## Try it
An exact copy is the goal: every line from the one containing "2. envolver la" to the end of the material below, pictures excluded.

## Material for this task
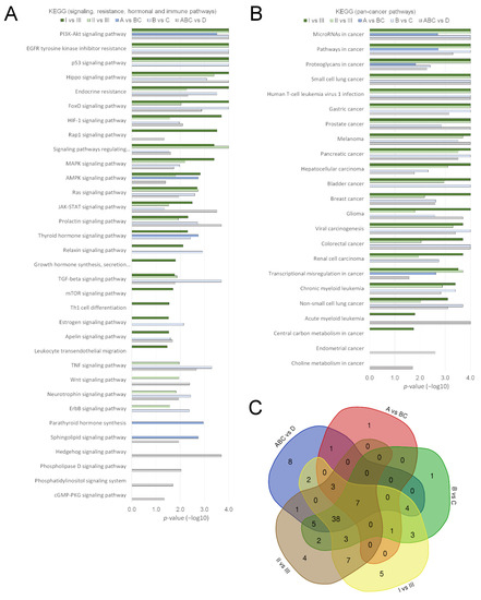 KEGG pathway analysis for differentially expressed miRNAs. The figure shows significant KEGG pathways for mRNAs targeted by the differential miRNAs from miRNAseq. (A) KEGG signalling, resistance, hormonal and immune pathways and (B) Pan-cancer associated pathways for comparison of prostate cancer (PCa) status and progression groups (A–C, I–III, n = 30 patients) and the healthy group (D, n = 10). (C) Venn diagram of all significant pathways for the comparisons. Differential miRNAs with FDR p or p < 0.05 were included in the analysis (Tables S5 and S10). Pathway p-values are shown in −log10 scale.
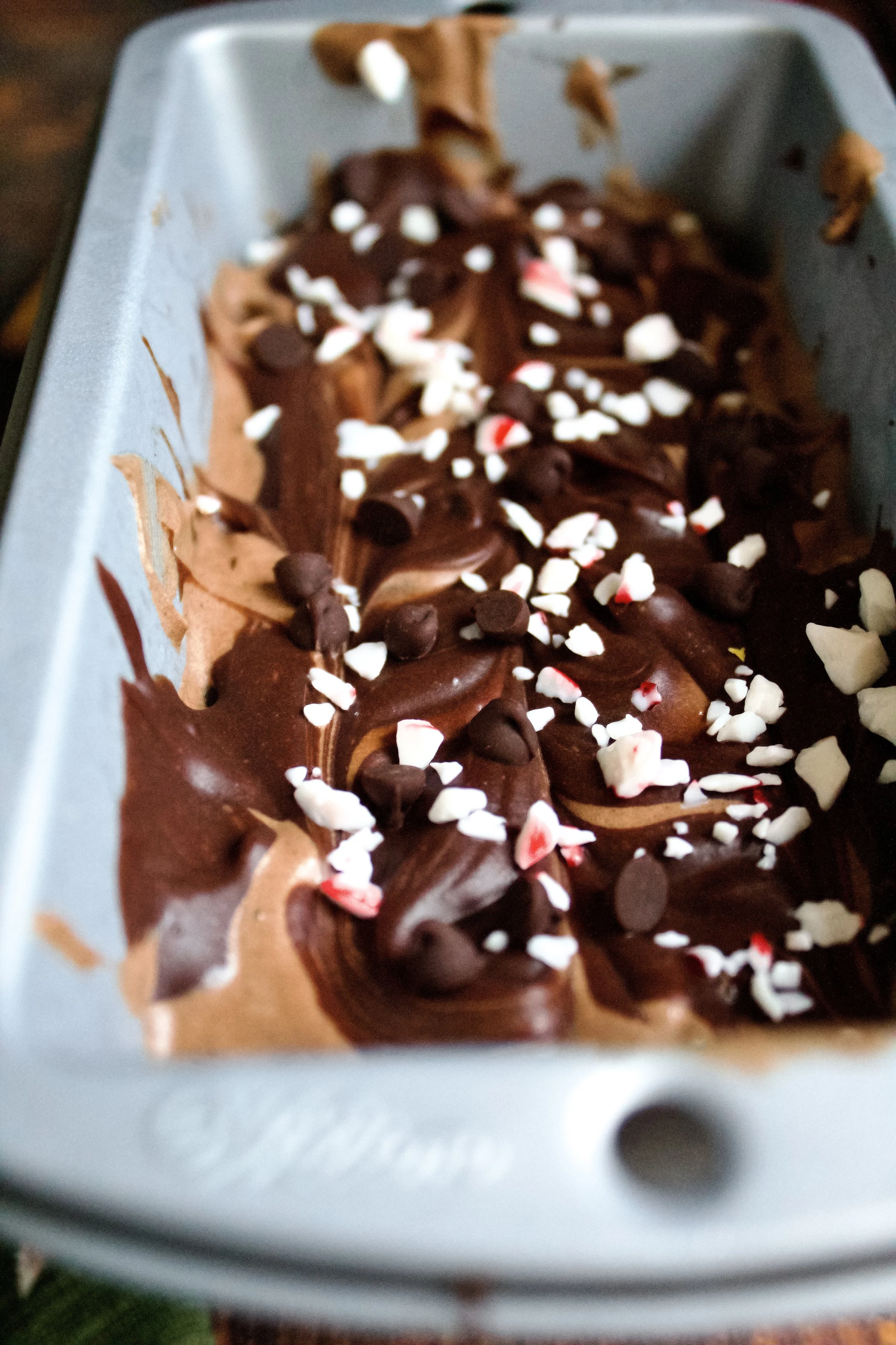 - Once the ice cream is finished, layer ⅓ of it into a 9x5 loaf pan or an ice cream container. Drizzle ⅓ of the ganache onto the ice cream. Sprinkle ⅓ of the candy canes on top. Repeat, layering ice cream and mix-ins two more times, ending with the mix-ins on top.
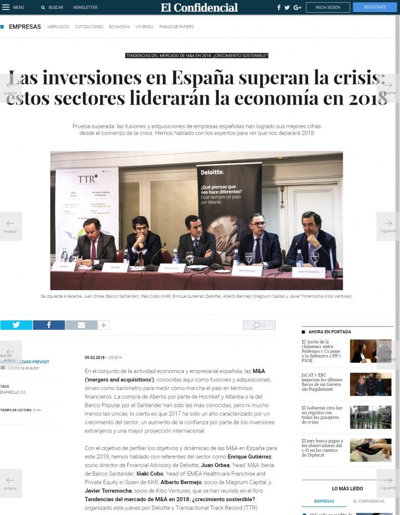 Con el objetivo de perfilar los objetivos y dinámicas de las M&A en España para este 2018, hemos hablado con referentes del sector como Enrique Gutiérrez, socio director de Financial Advisory de Deloitte; Juan Orbea, 'head' M&A Iberia de Banco Santander; Iñaki Cobo, 'head of' EMEA Healthcare Franchise and Private Equity in Spain de KKR; Alberto Bermejo, socio de Magnum Capital, y Javier Torremocha, socio de Kibo Ventures, que se han reunido en el foro Tendencias del mercado de M&A en 2018: ¿crecimiento sostenible?, organizado este jueves por Deloitte y Transactional Track Record (TTR).
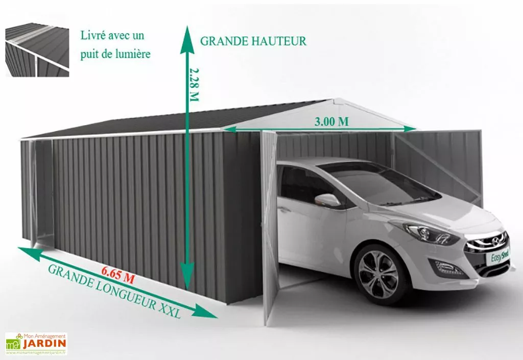 Le garage en métal XXL possède des dimensions hors tout de 6,65 x 3,00 x 2,10 m (l,l,h) soit une surface de 19,95 m². Sa superficie intérieure est de 19,47 m² et ses dimensions intérieures sont de 6,60 x 2,95 x 2,10 m (l,l,h).
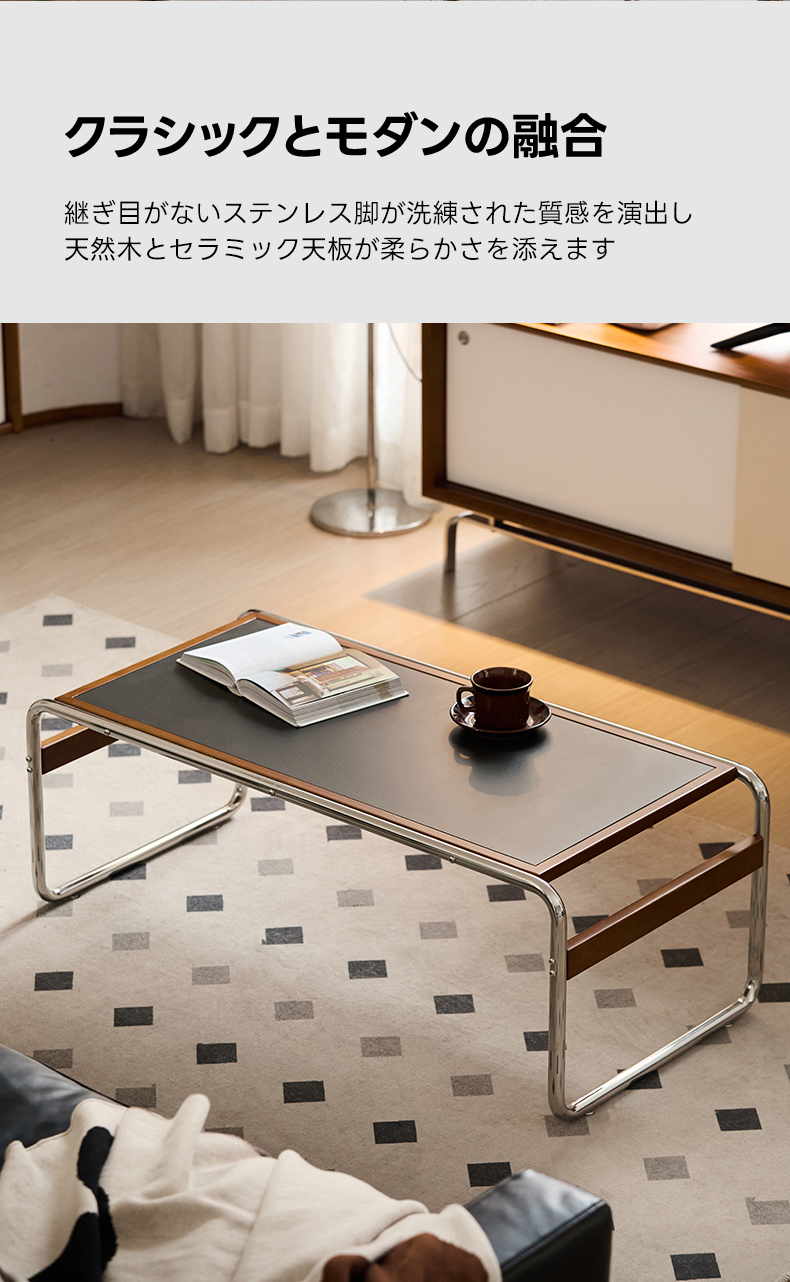- 【高級感のある素材とデザイン】:FASグレードの北米産ツゲ材を使用し、耐久性と美しさを兼ね備えています。セラミック天板は耐熱性、耐汚性に優れ、直接食品を置いても安全です。ヴィンテージ感とモダンな要素を兼ね備えたデザインが、リビングルームの雰囲気を格上げします。
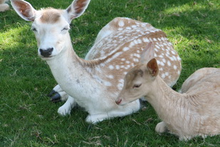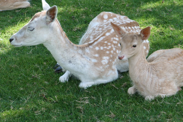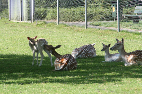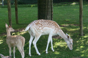 Andere leden van de damhertenfamilie, jong en oud…. In de schaduw van de bomen en regelmatig verplaatsend….
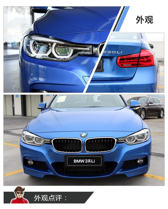 宝马近年的设计不算很出彩,可以说是不出差错就好。开眼角的设计是其最新的设计元素,经典的双肾造型配合天使大灯就是其经典的形象了。长轴距车身最经典的还是其霍氏拐角。车尾除了318Li终于不是单出排气管了。
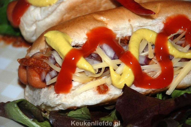 Amerikaanse Chili dog (hotdog met chili)Dit keer een Amerikaanse topper, de chili dog! Gewoon een simpel broodje hotdog bedekt met een laag pittige chili en bestrooid met fijngesneden rode ui, geraspte kaas en wat mosterd en ketchup.
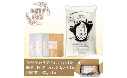 - 【数量限定】 令和7年産 ひのひかり 新米(5㎏)・お茶 ”自然のかおり” 4種(緑茶3種・和紅茶1種×各30g)の セット! 有機発酵肥料のみで育てた こだわり のお茶と お米 です! 緑茶国産 紅茶 有機栽培 ひのひかり コメ 精米 ご飯 ごはん【A-1944H】
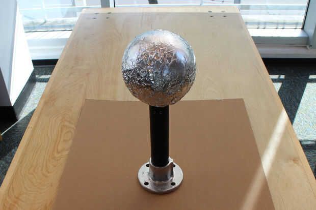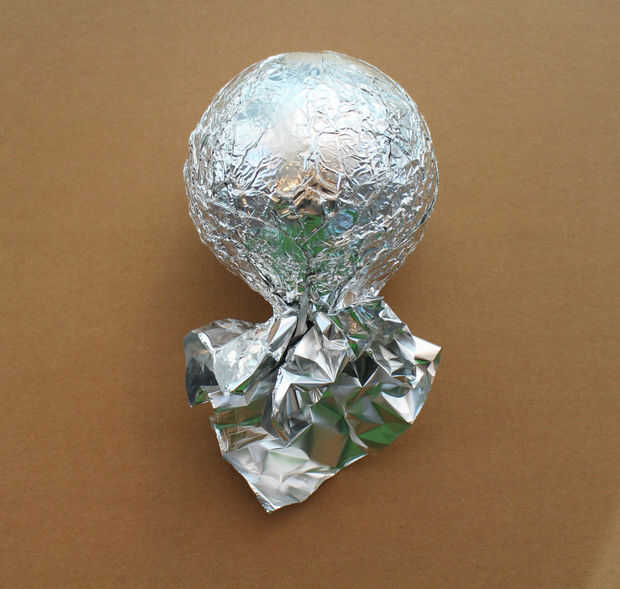 2. envolver la bola de espuma de poliestireno en papel de aluminio, dejando una "cola" de papel de aluminio. Coloque la bola en el soporte y empuje la cola del papel contra el interior de la tubería. Piezas pegamento caliente.
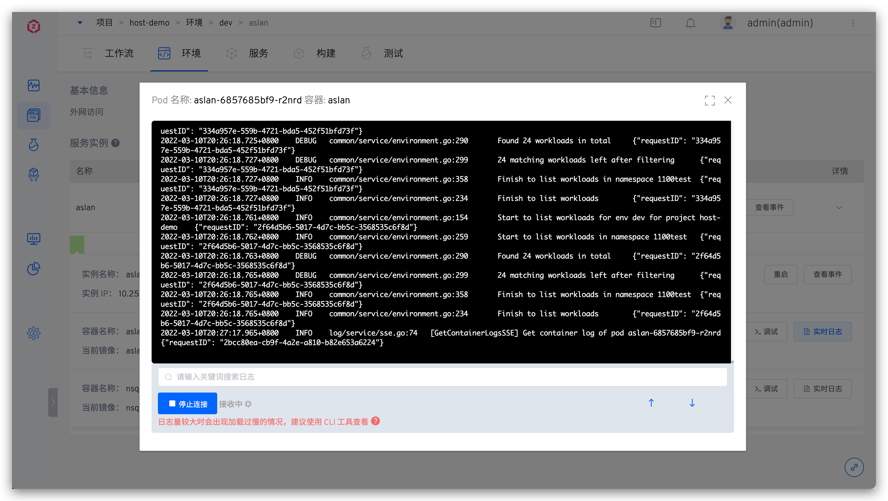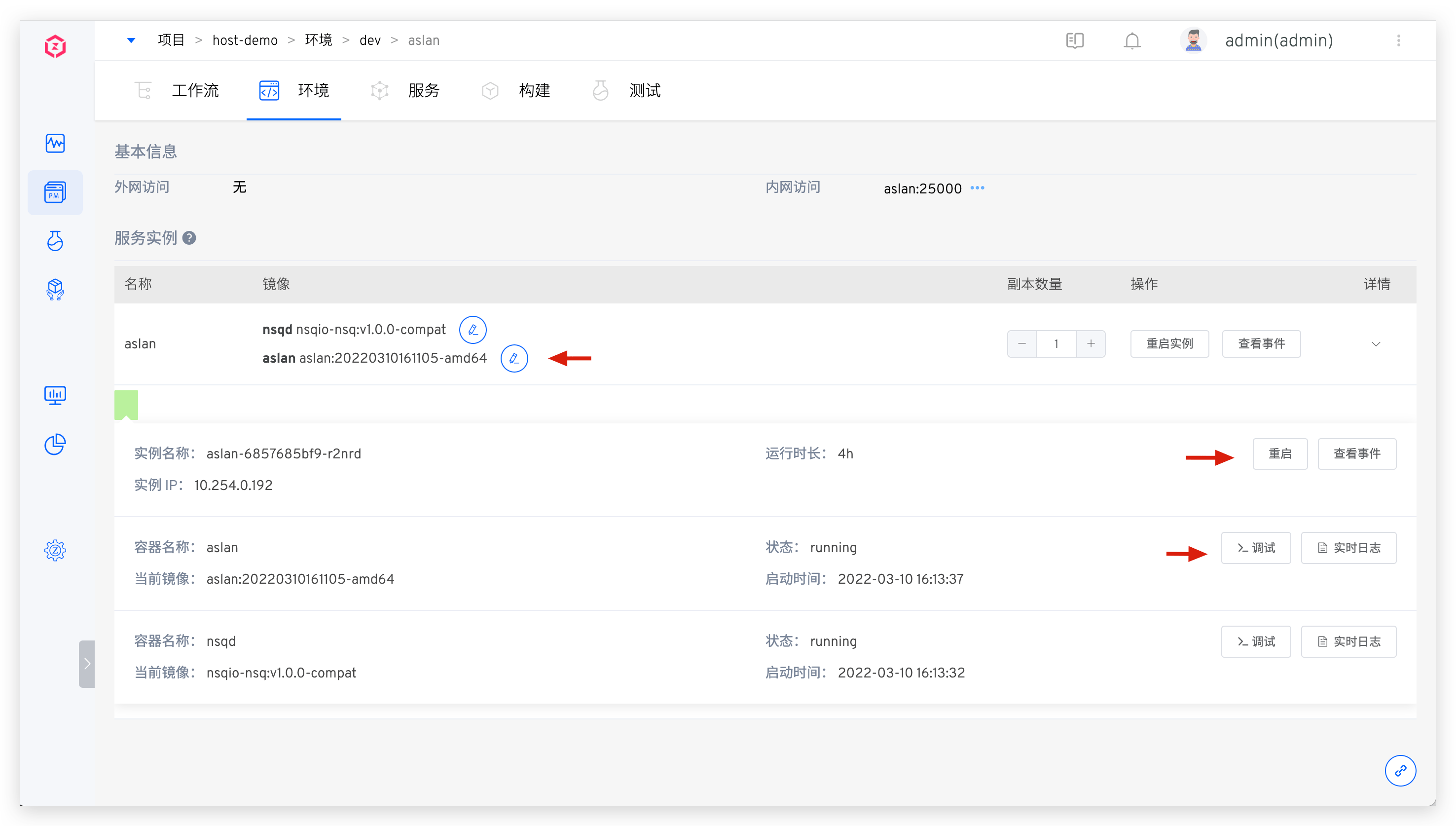 点击具体的服务,可查看该服务更细节的信息,包括但不限于修改服务镜像版本、查看服务部署事件、查看实时日志等操作。
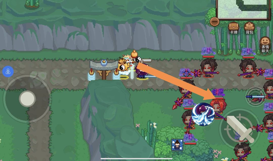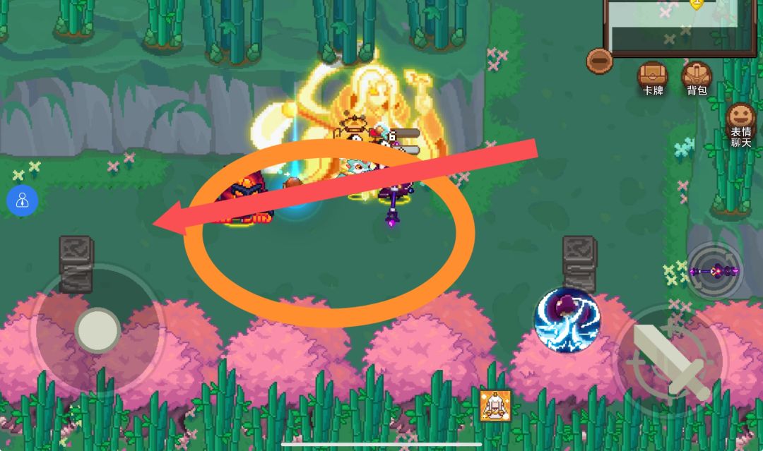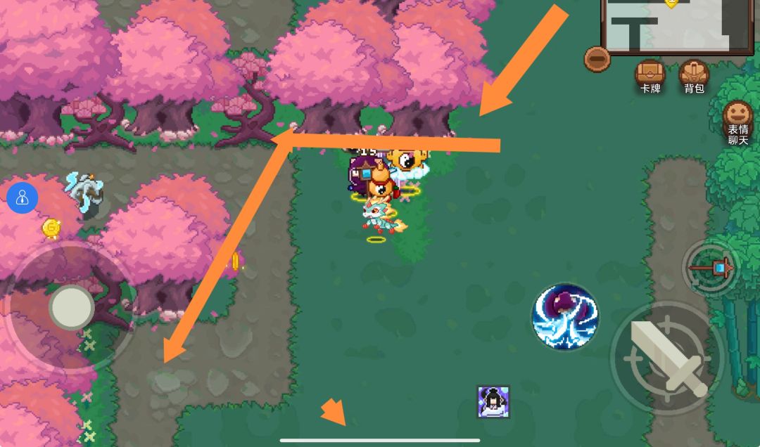 如果用杜内,在开打之前蓄力,人物向后退到大概橙色圆圈位置朝着橙色箭头方向释放,可以打到大部分怪
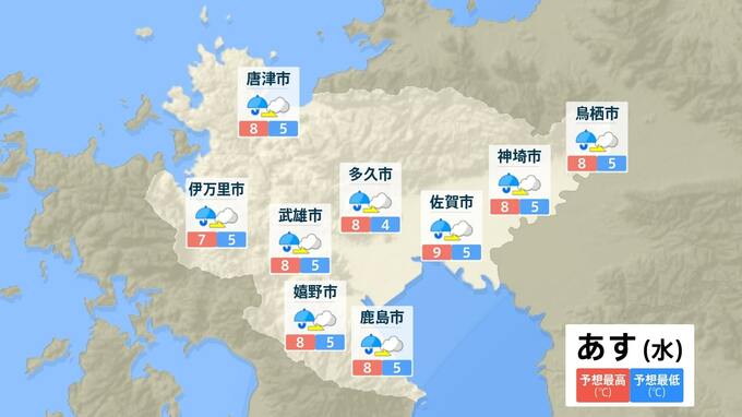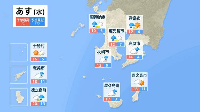 【九州今週の天気予報】今夜遅くから雨 そのあと冬型へ逆戻り【福岡・佐賀・長崎・大分・熊本・宮崎・鹿児島】雨と雪・寒気のシミュレーション 2025年1月14日(火) 12:30 国内 天気 あすの天気と週間予報 あす15日(水)雨のちくもり あさって16日(木)寒気の影響で、東シナ海側は雲が広がるでしょう。 寒気が入ってきますが、今週は広い範囲での雪は予想されていません。

## Answer section
 2. envolver la bola de espuma de poliestireno en papel de aluminio, dejando una "cola" de papel de aluminio. Coloque la bola en el soporte y empuje la cola del papel contra el interior de la tubería. Piezas pegamento caliente.
 点击具体的服务,可查看该服务更细节的信息,包括但不限于修改服务镜像版本、查看服务部署事件、查看实时日志等操作。
 如果用杜内,在开打之前蓄力,人物向后退到大概橙色圆圈位置朝着橙色箭头方向释放,可以打到大部分怪
 【九州今週の天気予報】今夜遅くから雨 そのあと冬型へ逆戻り【福岡・佐賀・長崎・大分・熊本・宮崎・鹿児島】雨と雪・寒気のシミュレーション 2025年1月14日(火) 12:30 国内 天気 あすの天気と週間予報 あす15日(水)雨のちくもり あさって16日(木)寒気の影響で、東シナ海側は雲が広がるでしょう。 寒気が入ってきますが、今週は広い範囲での雪は予想されていません。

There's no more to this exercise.